Part 1: Apache Flink Basics and Core Concepts - The Beginning of True Streaming Processing

Learn Apache Flink’s basic structure and core concepts including DataStream API, state management, and time processing through hands-on practice.

📋 Table of Contents

  1. What is Apache Flink?
  2. Flink Architecture and Core Concepts
  3. DataStream API Basics
  4. Time Processing and Watermarking
  5. State Management Basics
  6. Real-world Project: Real-time Log Analysis
  7. Learning Summary

Apache Flink started from the Stratosphere project at TU Berlin in 2009. It became a Top-level project of the Apache Software Foundation in 2014, designed with the goal of true streaming processing.

Core Design Philosophy

  1. True Streaming: True streaming processing, not micro-batch
  2. Low Latency: Achieving millisecond-level latency
  3. High Throughput: Maintaining high processing throughput
  4. Exactly-Once: Guaranteeing exactly-once processing
  5. Fault Tolerance: Strong failure recovery capabilities

Fundamental Differences from Spark

# Spark: Micro-batch approach
from pyspark.sql import SparkSession
from pyspark.streaming import StreamingContext

spark = SparkSession.builder.appName("SparkStreaming").getOrCreate()
ssc = StreamingContext(spark.sparkContext, 5)  # 5-second batch interval

# Flink: True streaming approach
from pyflink.datastream import StreamExecutionEnvironment

env = StreamExecutionEnvironment.get_execution_environment()
# No batch interval - processes events immediately upon arrival

Cluster Architecture

┌─────────────────────────────────────────────────────────────┐
│                    Flink Cluster                           │
├─────────────────────────────────────────────────────────────┤
│  JobManager (Master)                                       │
│  ┌─────────────────┐  ┌─────────────────┐                │
│  │   Dispatcher    │  │  ResourceManager│                │
│  └─────────────────┘  └─────────────────┘                │
│  ┌─────────────────┐  ┌─────────────────┐                │
│  │   JobMaster     │  │  CheckpointCoord│                │
│  └─────────────────┘  └─────────────────┘                │
├─────────────────────────────────────────────────────────────┤
│  TaskManager (Worker)                                      │
│  ┌─────────────────┐  ┌─────────────────┐                │
│  │     Task 1      │  │     Task 2      │                │
│  └─────────────────┘  └─────────────────┘                │
│  ┌─────────────────┐  ┌─────────────────┐                │
│  │     Task 3      │  │     Task 4      │                │
│  └─────────────────┘  └─────────────────┘                │
└─────────────────────────────────────────────────────────────┘

Core Components

1. JobManager

  • Role: Job scheduling and resource management
  • Components:
    • Dispatcher: Job submission interface
    • ResourceManager: Resource allocation management
    • JobMaster: Individual job management
    • CheckpointCoordinator: Checkpoint coordination

2. TaskManager

  • Role: Actual data processing execution
  • Features:
    • Parallel processing through Task Slots
    • State storage provision
    • Network communication handling
from pyflink.datastream import StreamExecutionEnvironment
from pyflink.table import StreamTableEnvironment

# 1. Create execution environment
env = StreamExecutionEnvironment.get_execution_environment()

# 2. Create data source
data_stream = env.from_collection([1, 2, 3, 4, 5])

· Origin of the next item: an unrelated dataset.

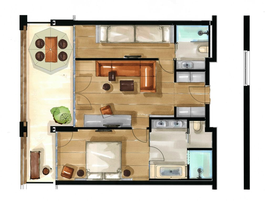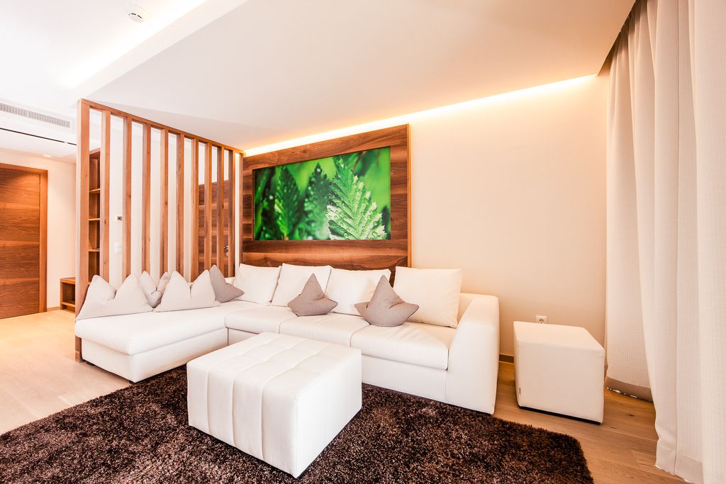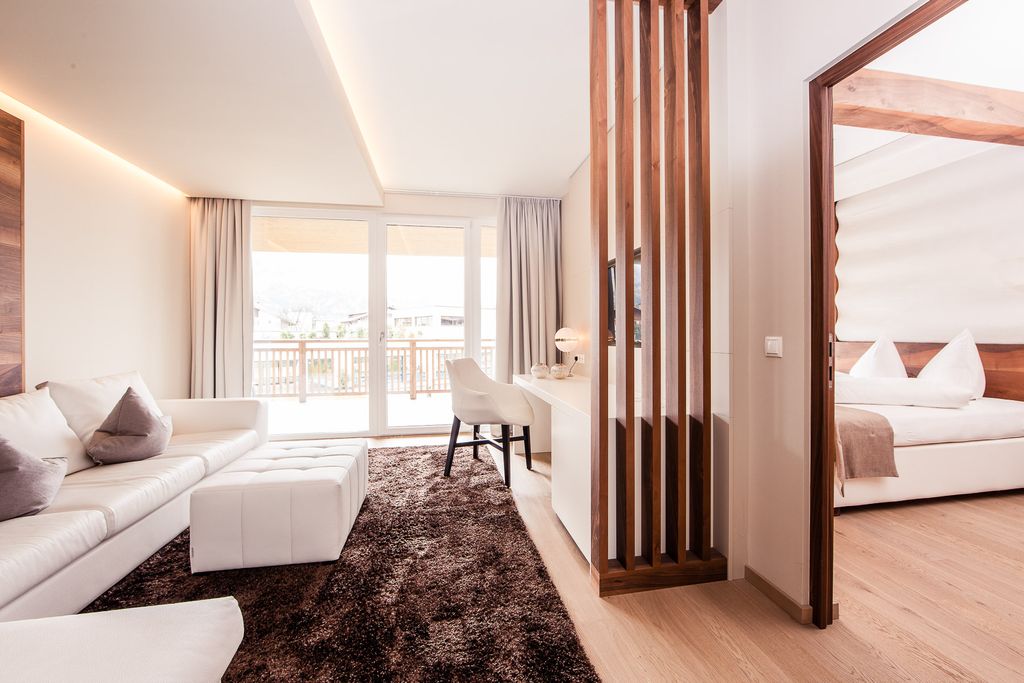 Suite trilocale, ampia e nobile, arredata in stile moderno con colori caldi. Camera matrimoniale e camera doppia separata con finestra e TV. Spazioso soggiorno con mobili di lusso. Atrio con cabina armadio. Due lussuosi bagni con doccia, vasca e WC a parte. Grande balcone oppure terrazza al pianoterra con vista Aquagarden. Pavimento in legno. Aria condizionata.

# 3. Apply transformation operations
result_stream = data_stream.map(lambda x: x * 2)

# 4. Specify data sink
result_stream.print()

# 5. Execute program
env.execute("Basic Flink Program")

📊 DataStream API Basics

Basic Data Types

from pyflink.common.typeinfo import Types
from pyflink.datastream import StreamExecutionEnvironment

env = StreamExecutionEnvironment.get_execution_environment()

# Basic data types
basic_types = [
    "Hello", "World", 123, 45.67, True
]

data_stream = env.from_collection(basic_types)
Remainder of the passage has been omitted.